Alman Halkının Birliği[17]
Alman Halkının Birliği (Deutsche Volksunion ya da DVU) yıllardır aşırı-sağcı aktivist ve yayıncı olan Dr. Gerhard Frey (1933 doğumlu) tarafından kurulmuş. Halen lider bir figürdür [Makale yazıldığında bu doğru olmalıdır. Fakat 2009’da başkanlık görevinden istifa etmiş ve 19 Şubat 2013’de ölmüştür –ç.n-]. Frey DVU’nun yayınlarında normalde Almanların suçlarını inkâr eden ve tasvir edilen toplama kampları hakkında şüpheler yayarak İkinci Dünya Savaşı yıllarına odaklanmıştır; yayınları Naziler için hatırlanmaya değer şeyleri satışa sunuyor. DVU “Almanya Alman kalmalıdır” sloganı atıyor ve “Alman evlerinde Almanlara öncelik” ve “milli kimlik ve kendi kaderini tayin hakkı” istemektedir. DVU için çevrenin korunmasının anlamı “çevreyi kirletenlere karşı sıkı yasalar” çıkarmak, “ithal edilen yiyeceklerin sıkı bir şekilde incelenmesi”, “hayvanlar üzerindeki işkence” ve hayvanlar üzerinde yapılan deneylere karşı yasaklar uygulamaktır. Yaşamı korumanın anlamı “kürtaj suiistimaline bir son vermektir”.
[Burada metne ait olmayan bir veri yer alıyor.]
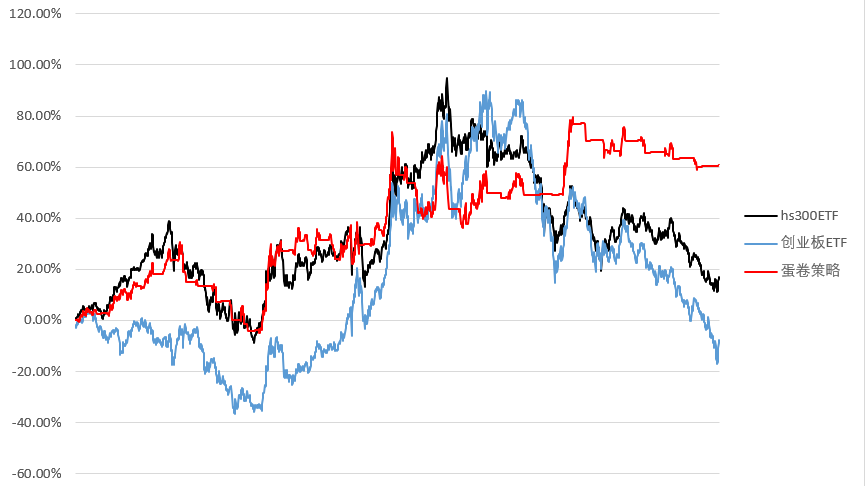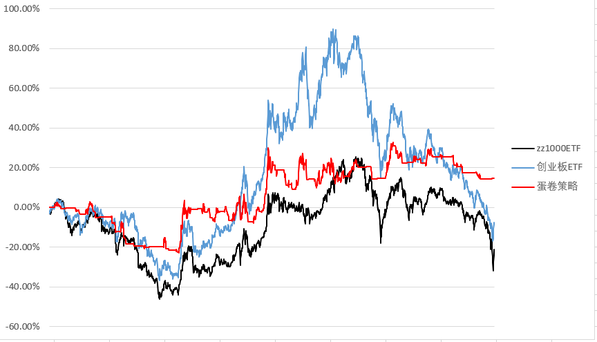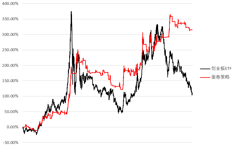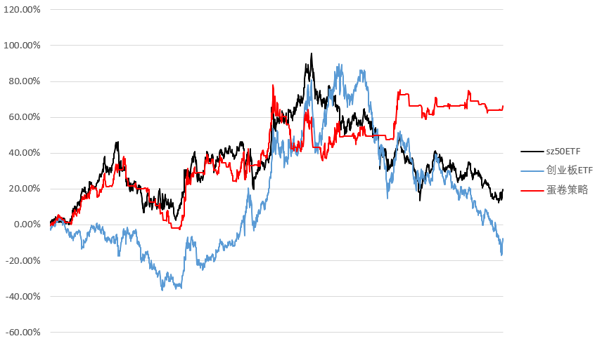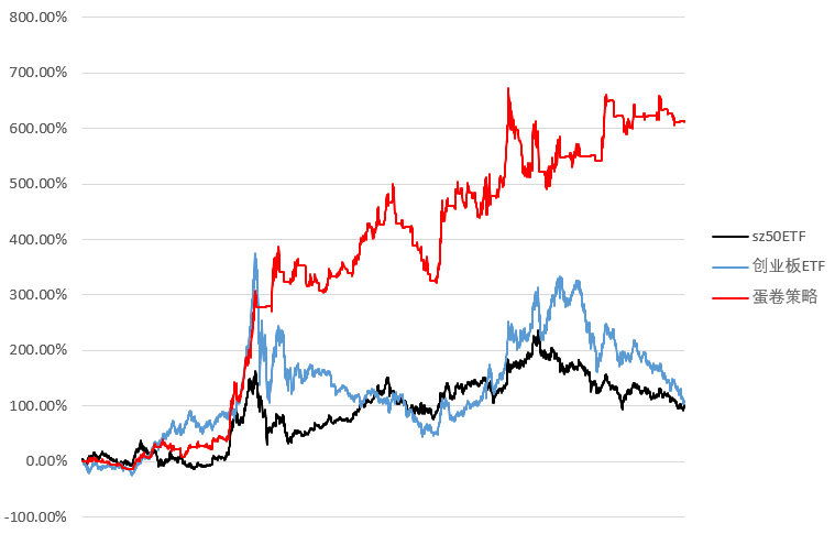 这个明显比单吊一只ETF好了不少。2011年创业板ETF成立以来,与sz50的蛋卷轮动在本粗陋的模型里年化是17.7%,最大回撤为29%
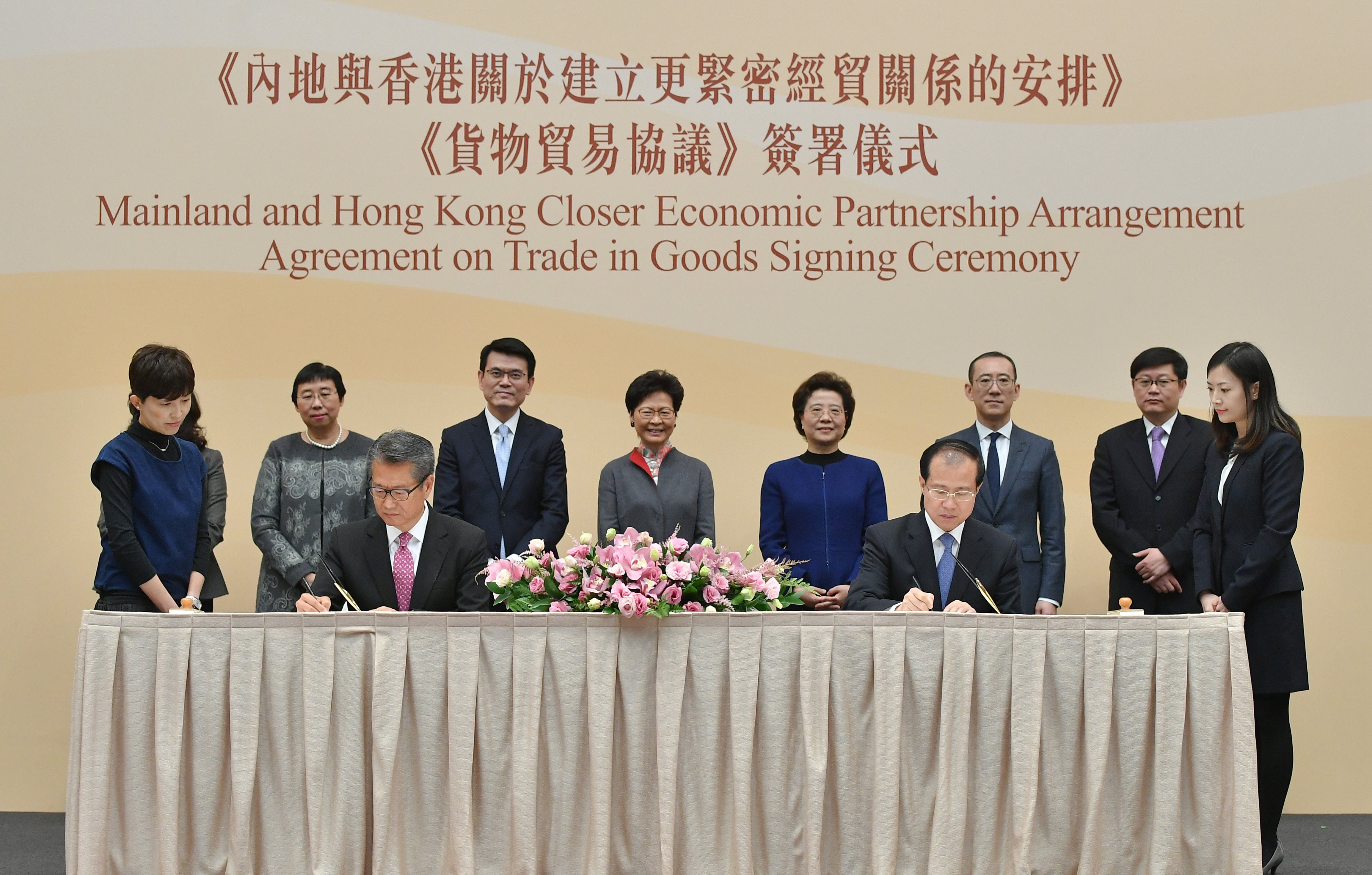新的《CEPA貨物貿易協議》由傅自應與特區政府財政司司長陳茂波簽署,協議自簽署之日起生效,並將於2019年1月1日起正式實施。
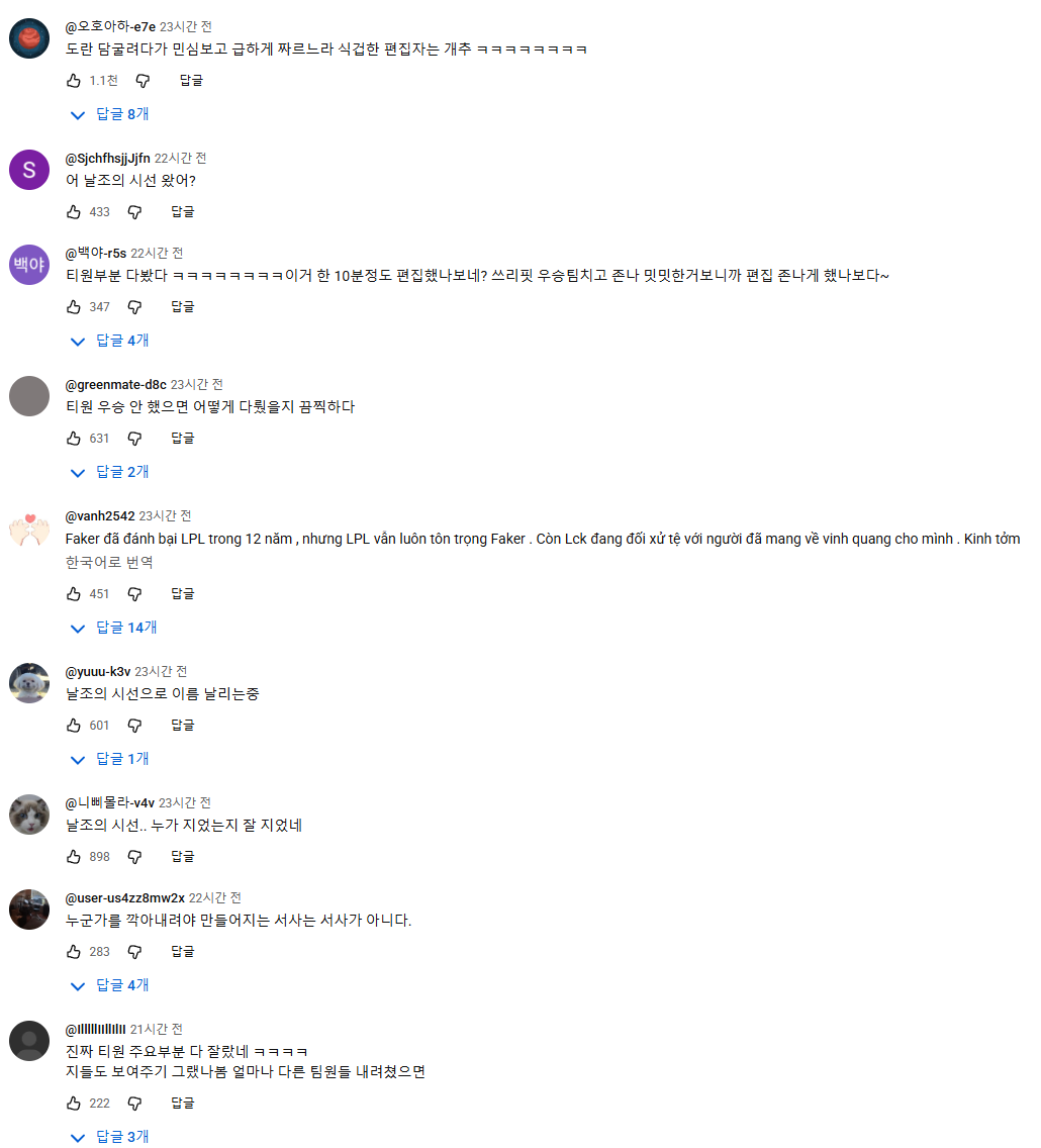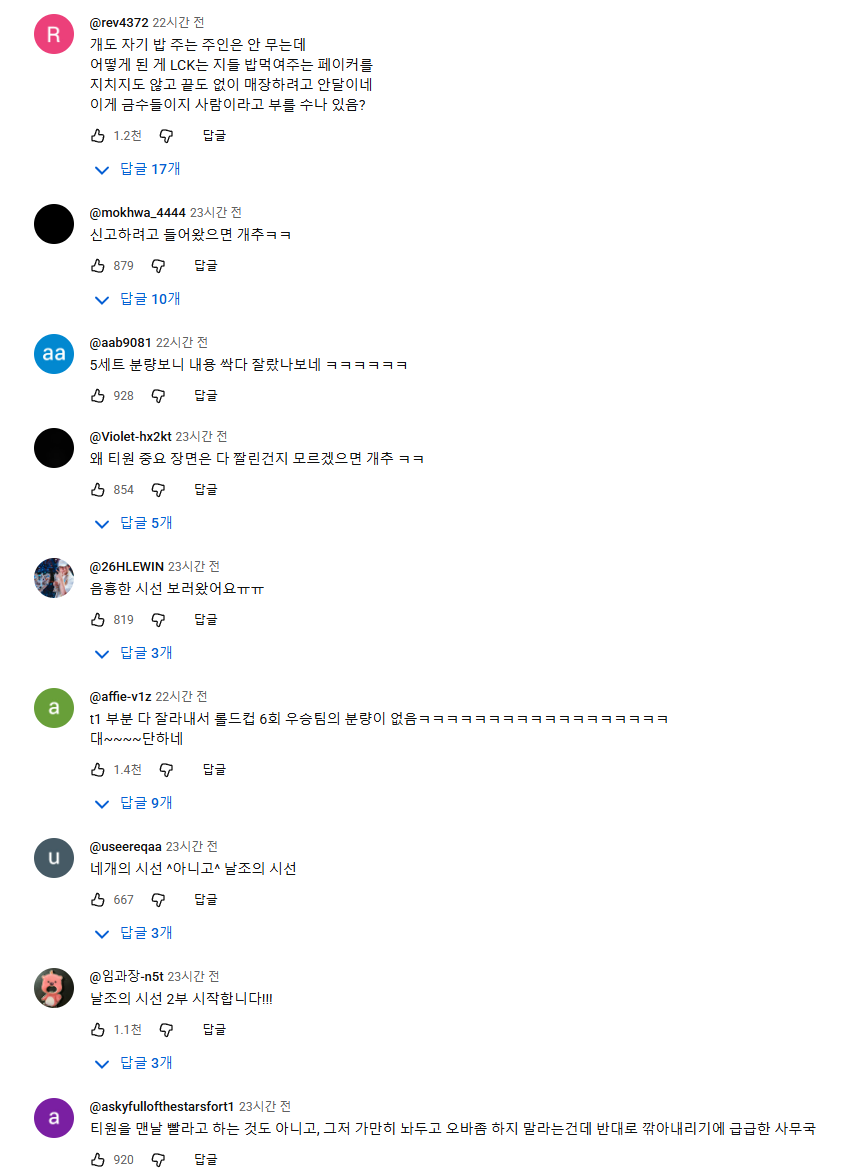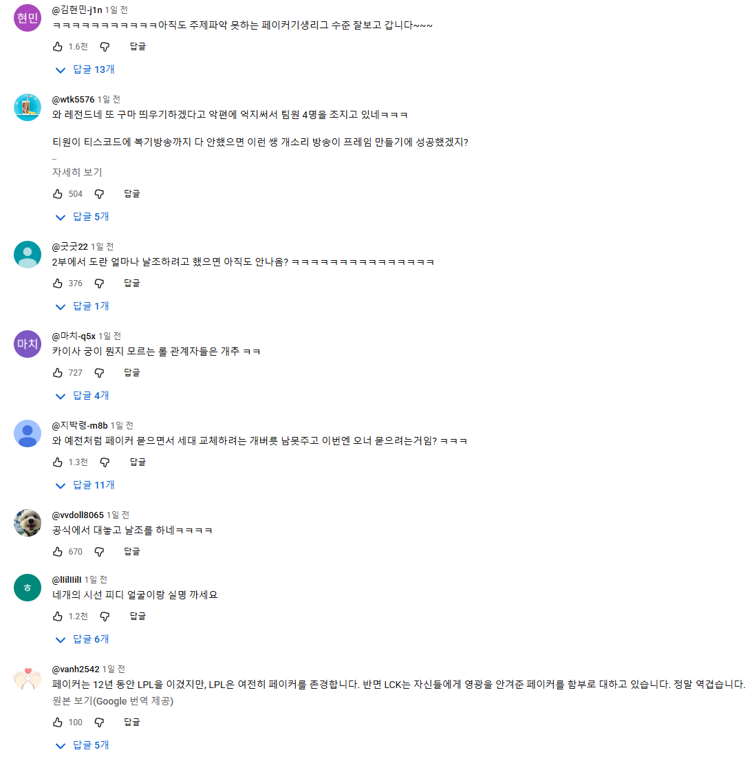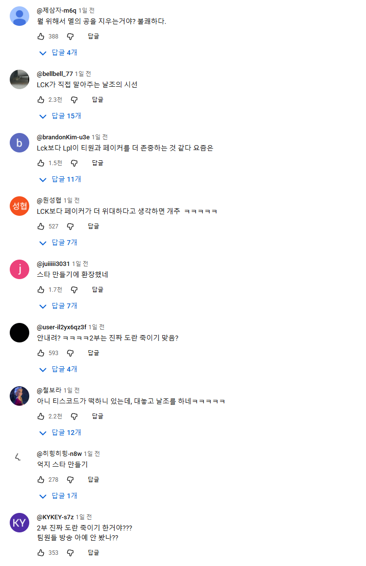 공식 채널 댓글 및 롤 커뮤들에서는
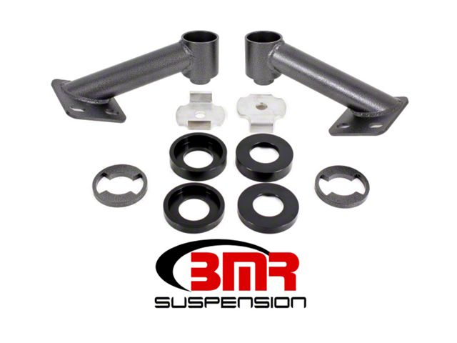 Built from 6061-T6 billet aluminum, stainless steel, and heavy-duty 1 5/8-inch DOM steel tubing, BMR's CB005 Cradle Bushing Lockout Kit is designed to nearly eliminate cradle bushing deflection, which is one of the biggest causes of wheelhop. BMR's CB005's billet aluminum upper bushing lockout rings capture the inner bushing sleeve (front and rear) and the outer lip of the bushing cup on the cradle (front). The lower bushing locating washers (front) capture the bottom portion of the bushings inner sleeves. By capturing both parts of the bushings inner sleeves, movement on any plane (fore/aft, lateral, and vertical) is nearly eliminated. This assembly is completed with bolt-on cradle braces that replace the factory sheer plates. The large lug on the cradle side of the braces positively locates the cradle, ensuring it is perfectly centered under the car. The two bolts in the frame ensure the location of the cradle can't change under any form of driving.
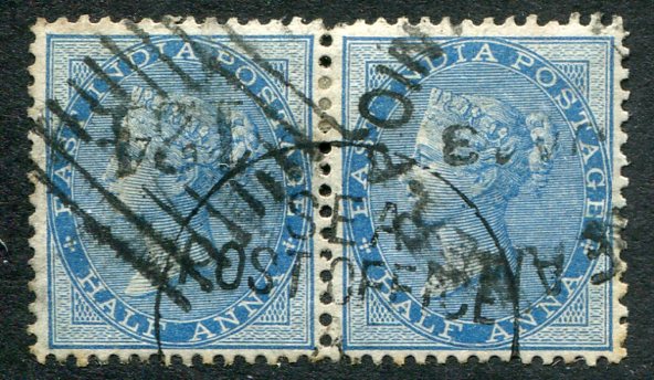 India Used Abroad – Aden: 1865 East India 1/2a blue pair struck by “124” hand stamp. Sg. Z27
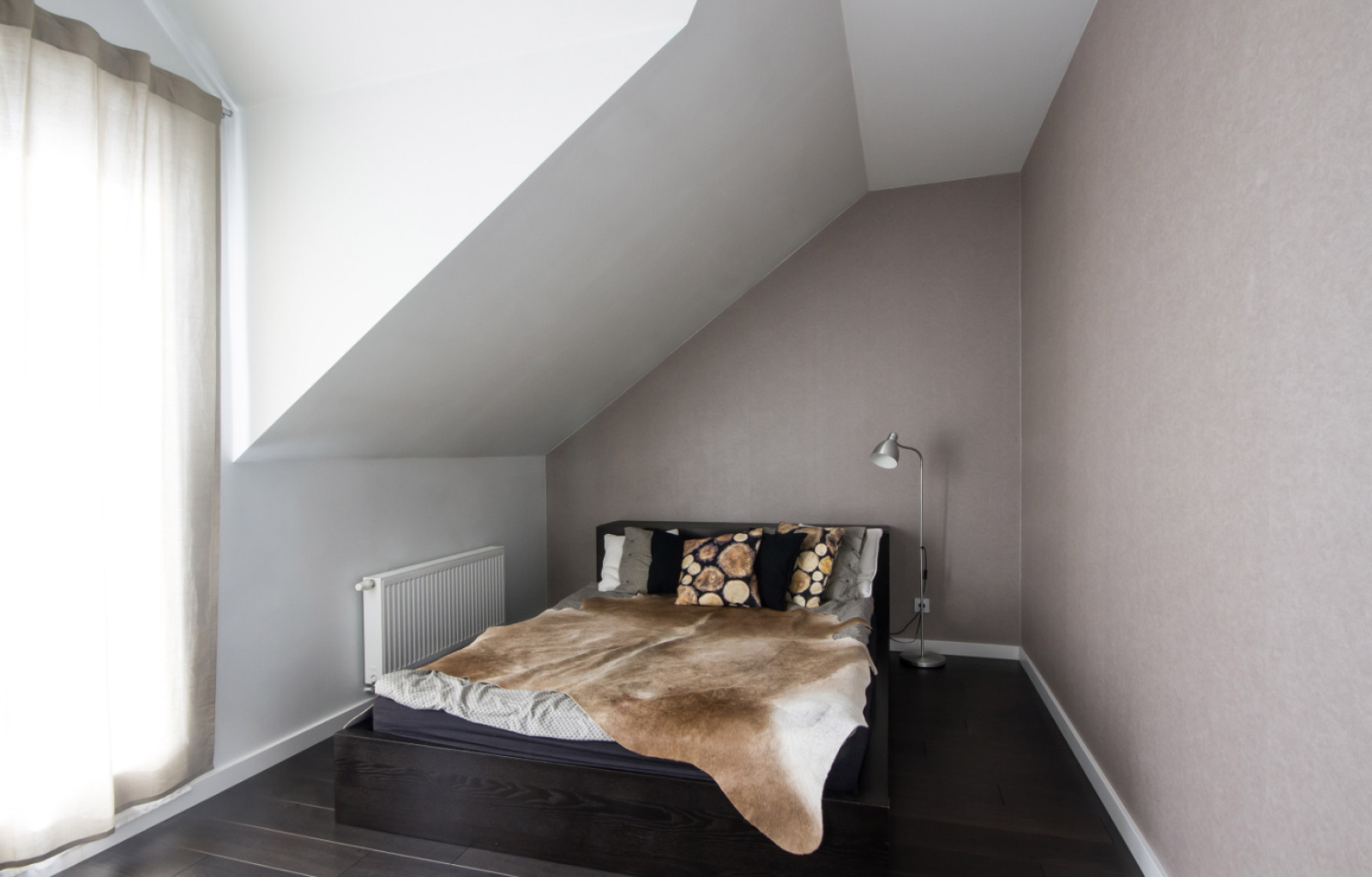 Piętro ma zdecydowanie cieplejszy i intymniejszy klimat – na pewno także za sprawą ciemnych drewnianych desek na podłodze. Sypialnia (z wydzieloną garderobą) jest prosta, ocieplona beżami na ścianie oraz "drewnianymi" i skórzanymi tekstyliami. Minimalistyczną łazienkę dynamizują z kolei żółte fragmenty ścian.
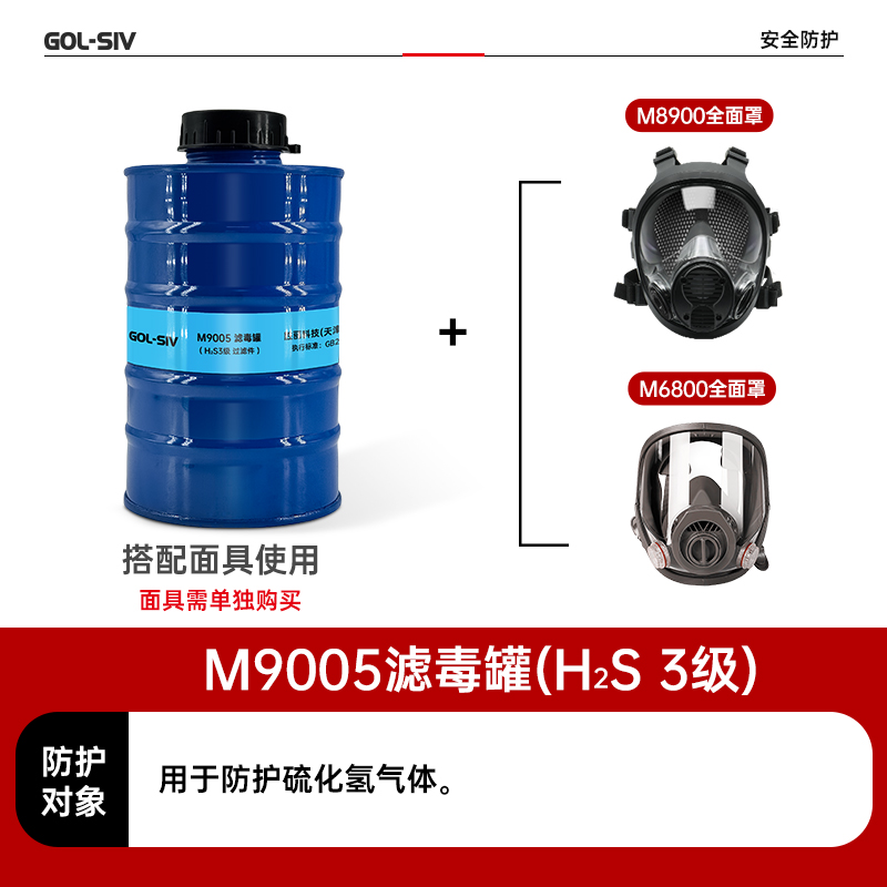 胜丽 M9005 H2S类 3级滤毒 罐搭配防毒面具全面罩防硫化氢 1个装 搭配面罩使用

Antroposofi[18] ve Dünya Hayatı Koruma Cemiyeti
Antroposofi 1920’nin völkisch hareketinde olduğu gibi bugün de Alman karşı kültüründe özel bir alakaya sahiptir. Örneğin Waldorf Okulları Steiner’in eğitim prensipleri üzerine kurulmuştur ve pek çok Alman ve Amerikan karşı kültür çevrelerinde kayda değerdir (Bugün sayısı Federal Cumhuriyet’te altmıştan daha fazladır). 1920’de Steiner tarafından kurulmuştur. Başarı için baskılardan ve çatışmalardan münezzeh olan, anlaşılma duygusu ve yaşamın müzikal görünümüne vurgu yapan yerleri olan çocuklara alternatif, reform edilmiş bir eğitim sağlıyor. Steiner aynı zamanda üretici ile toprak arasında daha organik bir ilişkiyi geliştirmeye çalışan ve böcek ilacı kullanmadan organik tarım yapmanın bir biçimi olan biyodinamik çiftçiliğin kurucusudur. Bugün biyodinamik ziraatçiler Demeter markası adı altında organik besin ve Weleda adı altında kozmetik ürün üretirler. Pek çok insan Steiner’in çalışmalarının cazip yönlerine dair herhangi bir kavrama sahip olmaksızın Anropozofiye ve bu çabalarla saf bir şekilde etkilendi ve etkilenmekteye devam ediyor.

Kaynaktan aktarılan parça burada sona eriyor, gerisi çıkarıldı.